4th November 2005 at 00:00
Schools don't need a playing field to win sporting awards. Chris Fautley finds one on the Isle of Wight where enthusiasm and commitment go a very long way

"The one thing that has been surprising is that we have done exceptionally well at cricket," reflects Stuart Reeves, head of PE at Nodehill Middle School, in Newport, Isle of Wight. Surprising, since Nodehill lacks a vital piece of cricket kit: a playing field. "It would be wrong to use the lack of a field as an excuse not to provide opportunities," Stuart continues - an ethos so successful that Nodehill won its third Sportsmark award this year.

Although they have access to another school's field, travel is time-consuming. Accordingly, full use is made of the playground to which, Stuart explains, sporting practice is often quite suited - cricket, for example.

Success has also been won by adapting to sports that can be better performed on-site, indoor athletics being a particular strength. The school also has strong contacts with outside organisations, including athletics, sailing, football and netball clubs. For example, through its work with the Isle of Wight Athletics Club, Nodehill students have competed against other schools which use facilities that Nodehill cannot possibly match. This has highlighted talented students who have progressed to represent the Island at county and national level.

Sport is afforded a high priority at Nodehill, with Years 7 and 8 allocated three 50-minute lessons each week (the Sportsmark minimum weekly requirement is 100 minutes). In Year 8, 69 per cent of boys and 49 per cent of girls regularly participate in extracurricular sport, comfortably exceeding the 30 per cent Sportsmark criterion.

As a former PE teacher, sport is one of headteacher David Morris's passions; he has never compromised on the time allocated to it. He agrees the school excels through the facilities it doesn't have. "When they get to the cricket finals at Lord's; when 11 of them get to the national finals for athletics, we do chuckle and say, 'There you are. We achieved that without a playing field,'" he says. "I think I've got an absolutely cracking PE team," he continues, in acknowledgement of the role it has played in the school's Sportsmark success: you can buy equipment, but not enthusiasm and commitment.

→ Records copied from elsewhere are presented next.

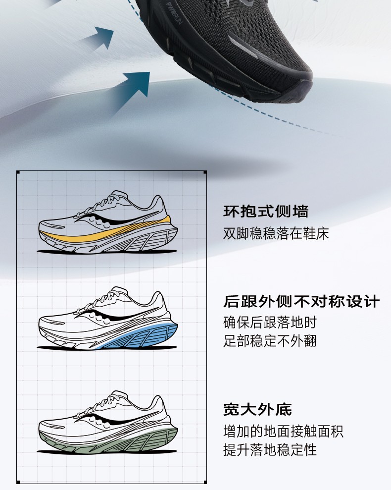 索康尼向导18以PWRRUN 中底搭配 PWRRUN+ 鞋垫
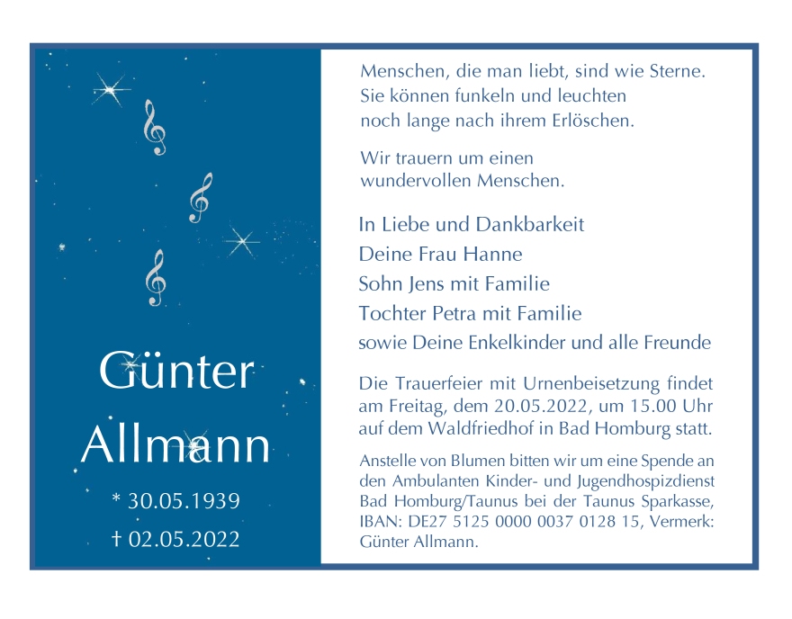 †02.05.2022, Ruhestätte: Waldfriedhof, Bad Homburg
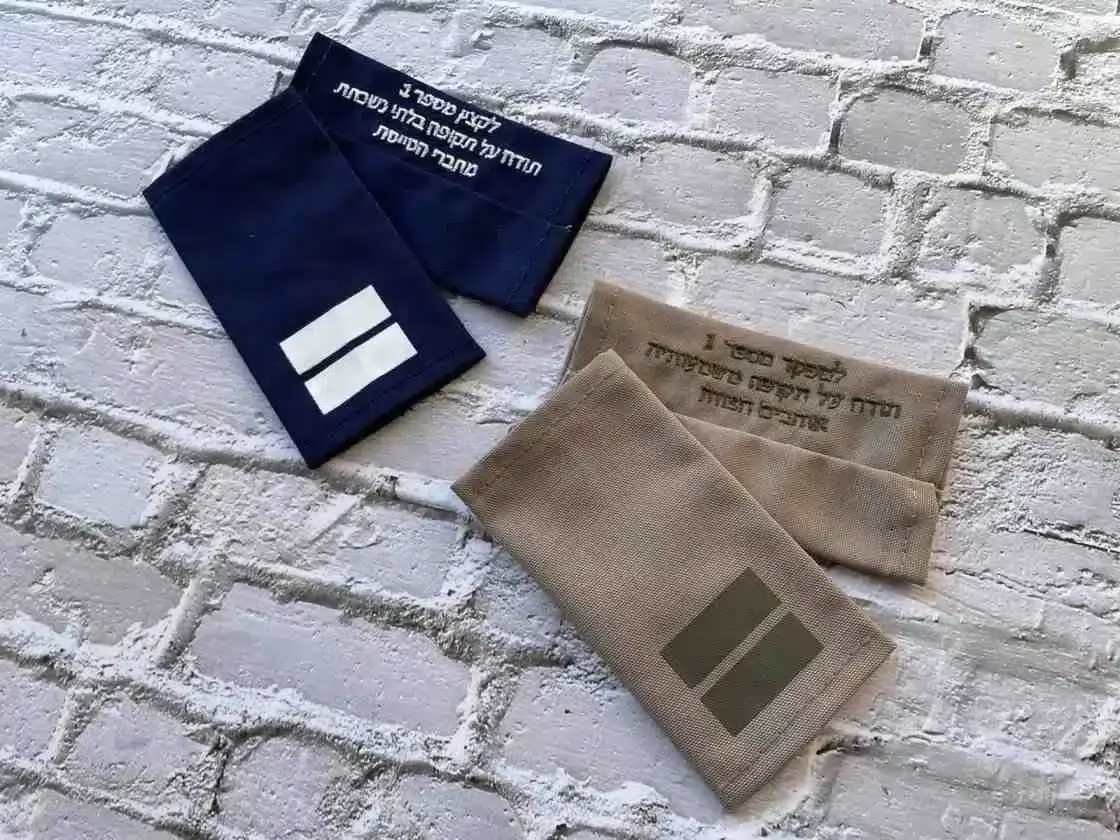 דרגות ב' מודפסות עם רקמת הקדשה, ניתן לרקום על יחידה אחת או שתי היחידות

One of Nodehill's greatest achievements is its Morning Club for children who, although not dyspraxic, have characteristics of the condition. The club, usually six students of all ages, is run by a team led by teaching assistant Sarah Brodie. It meets each morning for 20 minutes before school.

Students enrol for half a term, and staff identify areas on which they need to work, such as balance, or full body co-ordination.

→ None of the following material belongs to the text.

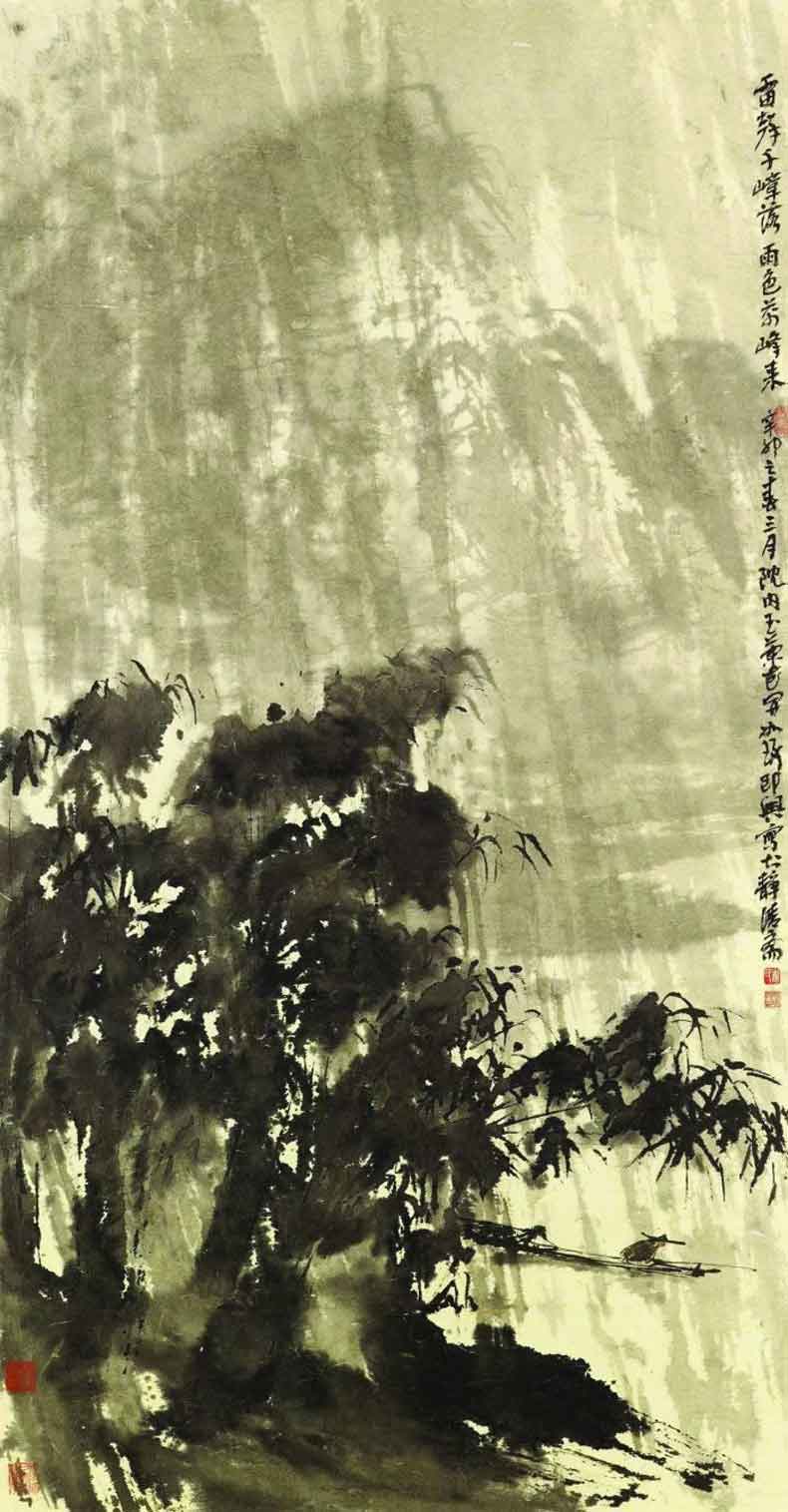 图2 李可染《雨中泛舟》

They are then set achievable activities: those with balance difficulties will try to balance on one leg; that accomplished, they try balancing on a cushion; then walking along a beam. "We very gradually increase the difficulty," Sarah says.

She has designed several exercises herself, but also uses material from Brain Gym. The benefits, including better self-esteem and confidence-building, have in turn led to students expressing themselves more. The most remarkable result, however, is academic improvement, particularly writing. Sarah says that, to a degree, the Brain Gym results are down to co-ordination. "But you look at them and think, 'How does that work?' I don't know why it works, but it does." She adds that by undertaking activities, "successful pathways" are strengthened in the brain to be used in the future. "To be able to co-ordinate your hand to write, you've got to get the right messages to your hand," she explains.

However, the Morning Club is not sold as a cure for characteristics of dyspraxia. "We usually say it will help writing and reading," says Sarah, adding that the children enjoy it. After all, if you cannot write, the last thing you want to do is practise handwriting.

David Morris was initially sceptical of the concept. Scepticism turned to surprise when Sarah showed him the handwriting results at the end of the initial course. "The difference was astonishing," says David. "I thought, 'Quirky. Let's do another six weeks with a different lot of students'."

The good results continued. "Some were astounding, so much so that I said, 'You're having me on'," he recollects. By now, parents were reporting improvements in students' work attitude and general performance. "By doing this sort of activity, it's begging questions about teaching styles and learning styles that perhaps we have been ignoring," David enthuses. "I think we have hit on something that has enormous potential."